Wonton noodles, also known as “wanton mein” in British English, is a popular Chinese dish that generations have enjoyed.
This dish consists of thin egg noodles that come with wontons, small dumplings filled with minced meat or seafood. It typically comes in a savoury broth with vegetables and other toppings.
Origins of Wonton Noodles:
It is unclear who exactly invented wonton noodles, but the dish is believed to have originated in Guangdong province, China, during the Qing Dynasty (1644-1912).
Cantonese chef reportedly combined two separate dishes, noodles and wontons, to create a new dish that could be enjoyed as a meal.
Wonton noodles grew in popularity and spread throughout southern China. The dish eventually made its way to Hong Kong, where it became a staple of local cuisine.
From there, it reached other parts of the world, including the United Kingdom, where it is now a favourite dish among Chinese food lovers.
Preparation of Wonton Noodles:
The preparation of wonton noodles can vary depending on the region and the chef, but the basic steps remain the same.

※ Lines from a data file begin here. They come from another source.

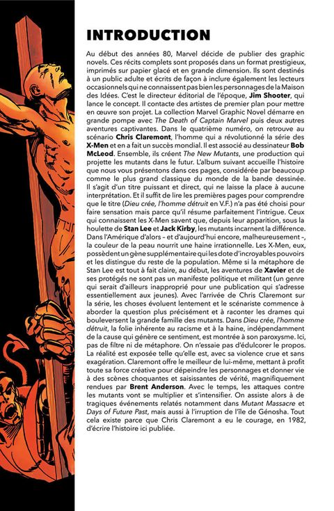 Un nouvel et terrible adversaire apparaît pour les Enfants de l'Atome. William Stryker s'est autoproclamé dieu pour justifier ses actes et ceux de ses sbires. Ces assassins barbares sont prêts à tout pour éradiquer les mutants de la Terre, qu'ils jugent indignes de vivre. Les X-Men et Magnéto vont devoir mettre leurs différends de côté et unir leurs forces pour affronter cet effroyable ennemi. L'aventure qui a inspiré X-Men 2, le film de l'année réalisé par Bryan Singer, avec Halle Berry, Hugh Jackman, Ian McHellen et Patrick Stewart. Cette histoire est un parfait exemple de la métaphore mutante, symbole de l'oppression des minorités. Un récit parmi les plus incontournables de Chris Claremont, des X-Men et plus généralement de Marvel. Le révérend William Stryker lance une croisade anti-mutants et capture le Professeur X pour le manipuler afin d'attaquer l'esprit des mutants. Pour le combattre, les X-Men doivent alors s'allier à leur ennemi Magnéto. Contient le graphic novel X-Men: God Loves, Man Kills (1982).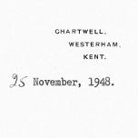 Dated November 25 1948 this typed letter is on 'Chartwell' headed paper, the country home of the Churchill family.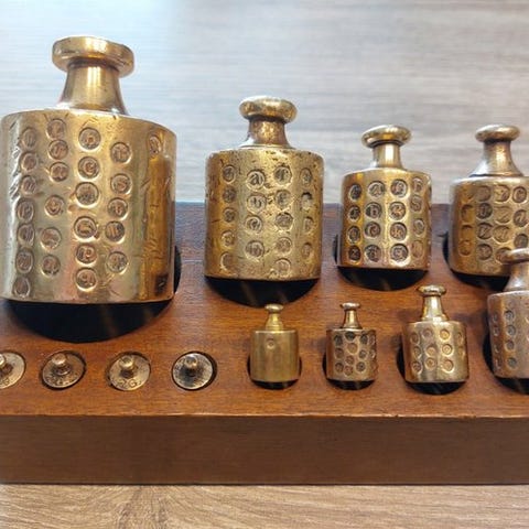 Industrielt udstyr - Vintage messing-vejtevægte til skala med trææske (12 væg...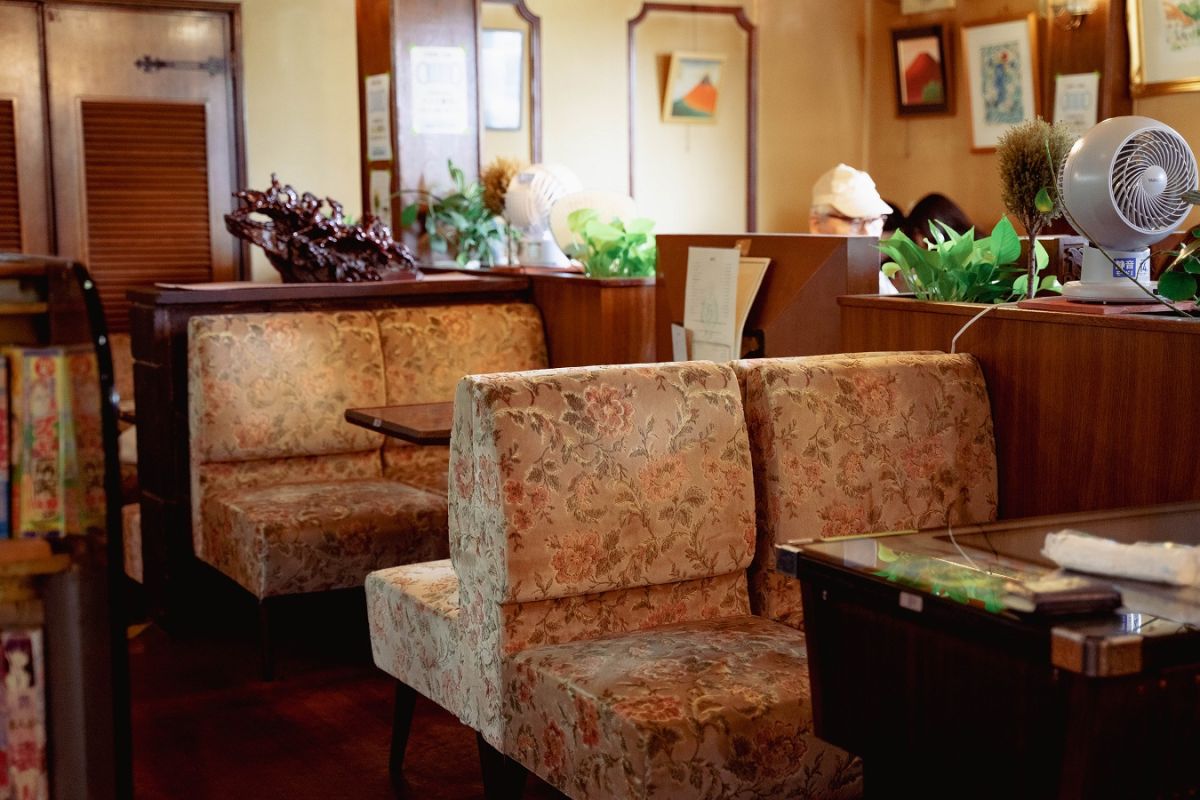 店内は昭和レトロそのもの! ふかふかのソファや重厚な置物、壁や天井の渋い色合い、きらびやかな照明など、一つ一つ見ているだけで楽しいです。

Firstly, the wonton filling is made using minced pork or shrimp mixed with seasonings such as soy sauce, sesame oil, and ginger.
Next, the wonton wrappers are made by mixing flour, water, and salt into a dough that is then rolled out and cut into small squares.
The filling is placed in the center of each wrapper and folded into a small dumpling.
The noodles are cooked separately and then served in a bowl along with the wontons, broth, and any other toppings.
Common toppings include green onions, cilantro, and sliced char siu (Chinese barbecue pork).
Wonton noodles have a long and rich history, and people love them for their comforting and satisfying qualities.
From its origins in southern China to its current popularity worldwide, this dish is a testament to the enduring power of traditional cuisine.